=== Begin Enclosure ===

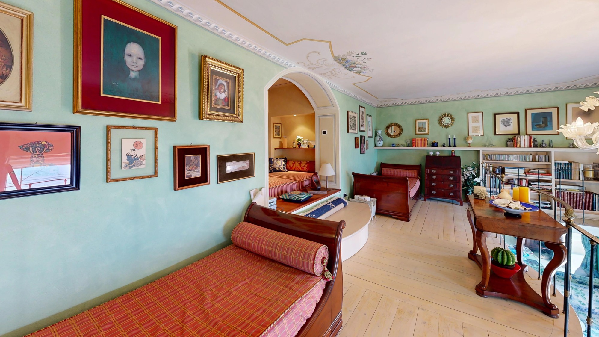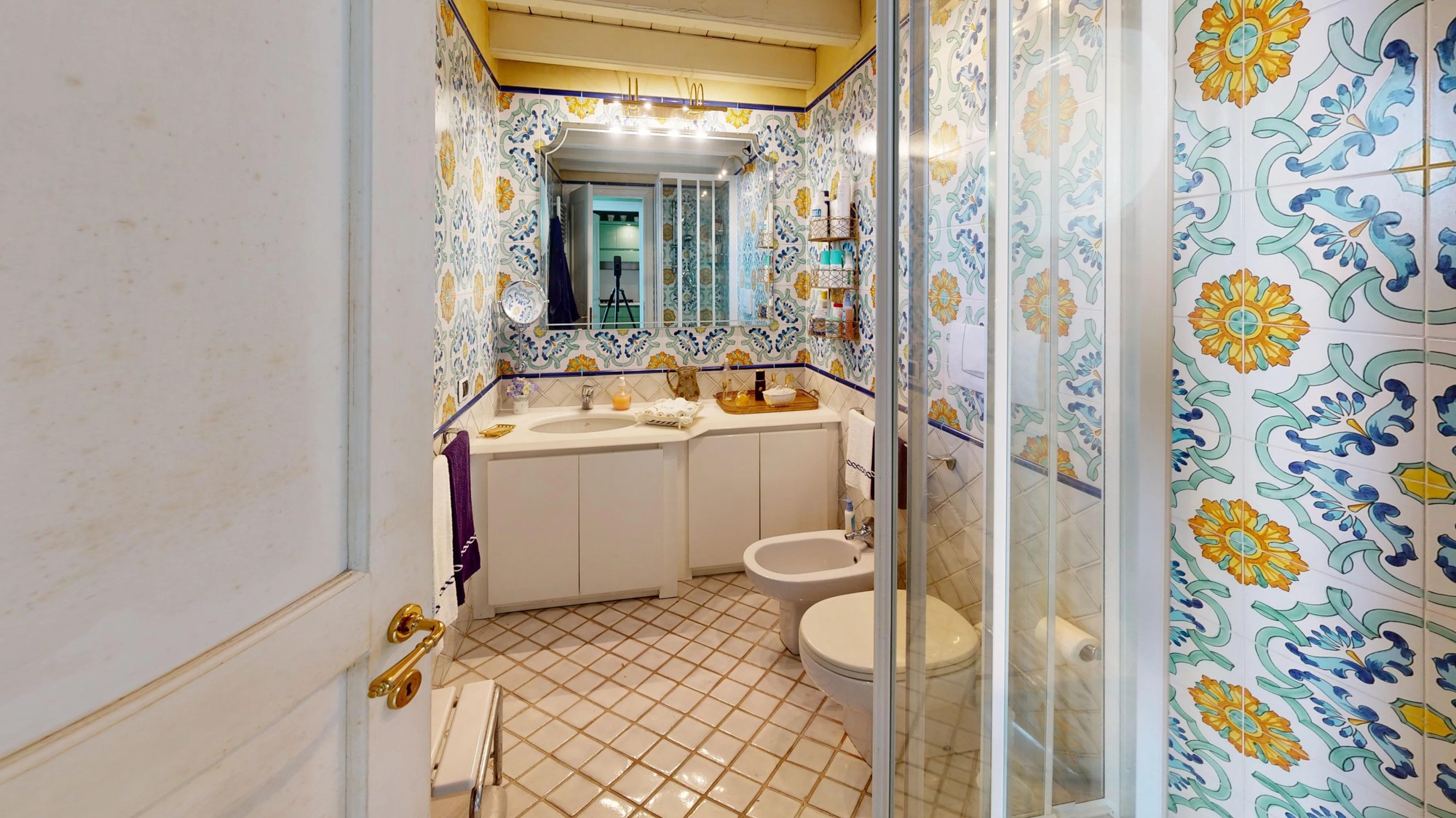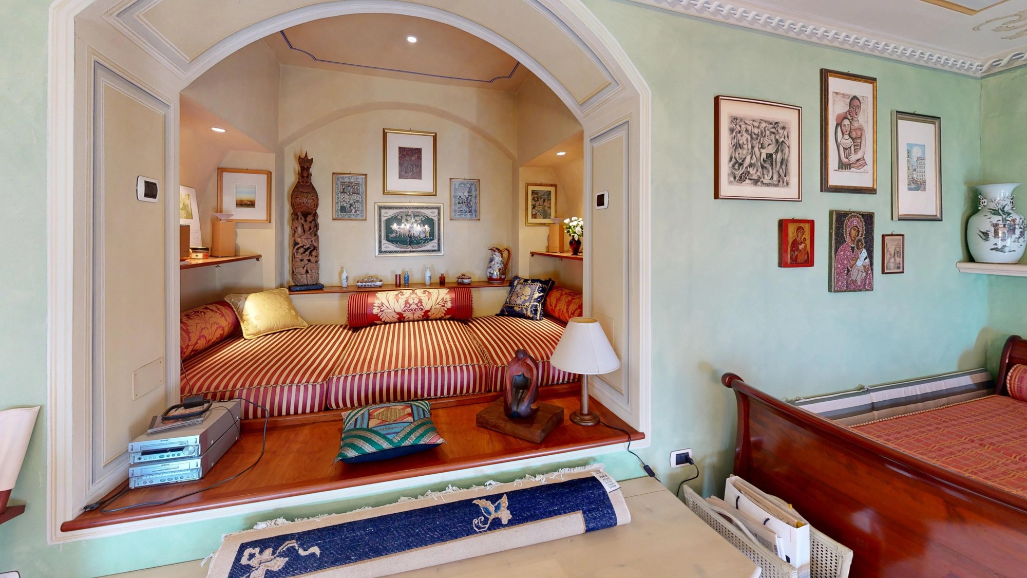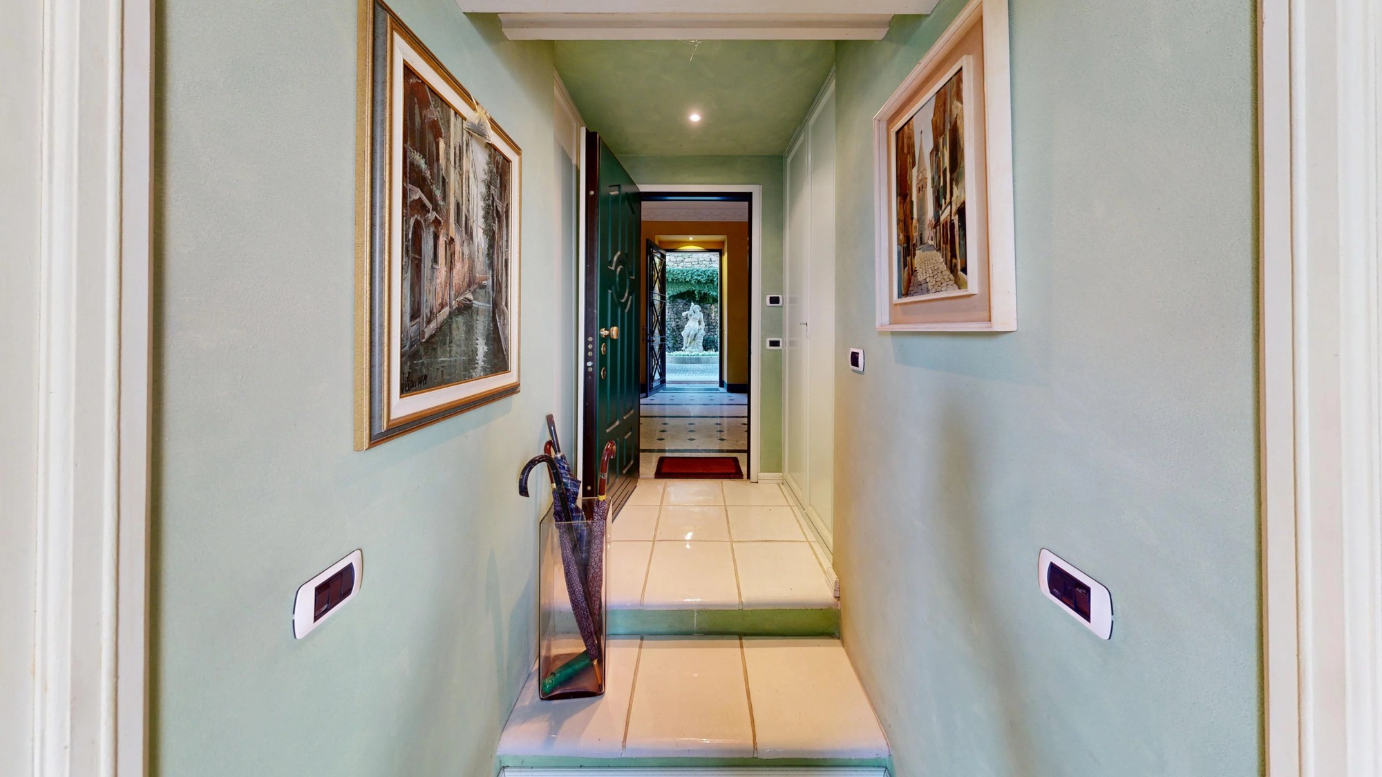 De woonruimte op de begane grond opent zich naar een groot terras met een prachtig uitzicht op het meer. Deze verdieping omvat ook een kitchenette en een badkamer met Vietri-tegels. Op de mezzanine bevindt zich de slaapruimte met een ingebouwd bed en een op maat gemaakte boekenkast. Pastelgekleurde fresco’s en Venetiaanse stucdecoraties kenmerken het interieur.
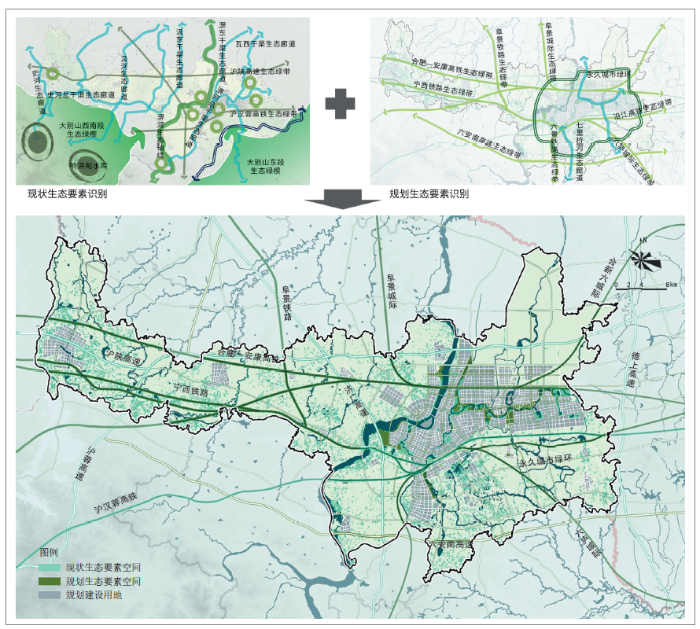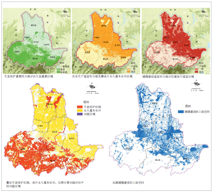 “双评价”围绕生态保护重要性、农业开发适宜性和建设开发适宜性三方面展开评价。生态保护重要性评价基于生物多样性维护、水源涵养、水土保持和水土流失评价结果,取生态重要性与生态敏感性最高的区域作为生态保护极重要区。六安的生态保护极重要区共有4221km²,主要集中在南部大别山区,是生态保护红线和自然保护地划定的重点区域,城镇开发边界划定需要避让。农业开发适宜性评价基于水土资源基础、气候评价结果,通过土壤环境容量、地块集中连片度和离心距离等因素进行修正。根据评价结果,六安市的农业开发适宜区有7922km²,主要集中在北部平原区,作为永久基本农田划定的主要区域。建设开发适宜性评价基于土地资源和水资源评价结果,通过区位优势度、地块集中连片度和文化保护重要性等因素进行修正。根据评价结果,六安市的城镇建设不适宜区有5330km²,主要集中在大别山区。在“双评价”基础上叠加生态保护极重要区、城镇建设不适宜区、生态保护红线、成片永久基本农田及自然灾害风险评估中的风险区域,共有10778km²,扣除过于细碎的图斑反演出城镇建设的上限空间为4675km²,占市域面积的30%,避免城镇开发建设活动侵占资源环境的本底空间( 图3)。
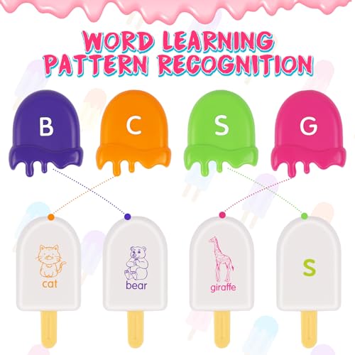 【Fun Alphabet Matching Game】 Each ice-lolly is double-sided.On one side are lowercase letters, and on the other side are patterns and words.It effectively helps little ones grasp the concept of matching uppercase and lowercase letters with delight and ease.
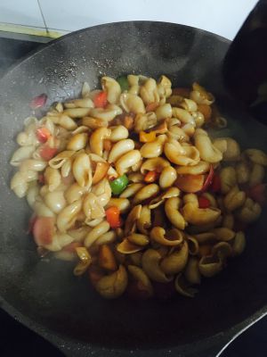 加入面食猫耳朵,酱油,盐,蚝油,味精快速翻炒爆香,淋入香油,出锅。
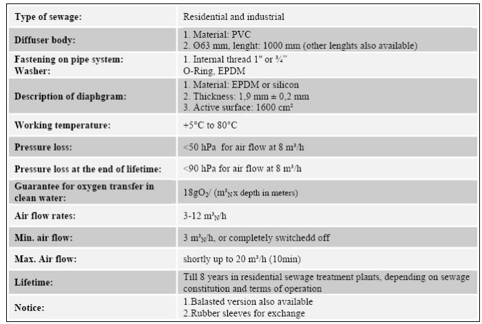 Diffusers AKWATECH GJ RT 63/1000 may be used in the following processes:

=== End Enclosure ===

Word for word, retype the lines from the one that contains "加入面食猫耳朵,酱油,盐,蚝油,味精快速翻炒爆香,淋入香油,出锅。" through the final line of the data, both ends included, excluding pictures.

*Exercise output*:
 加入面食猫耳朵,酱油,盐,蚝油,味精快速翻炒爆香,淋入香油,出锅。
 Diffusers AKWATECH GJ RT 63/1000 may be used in the following processes:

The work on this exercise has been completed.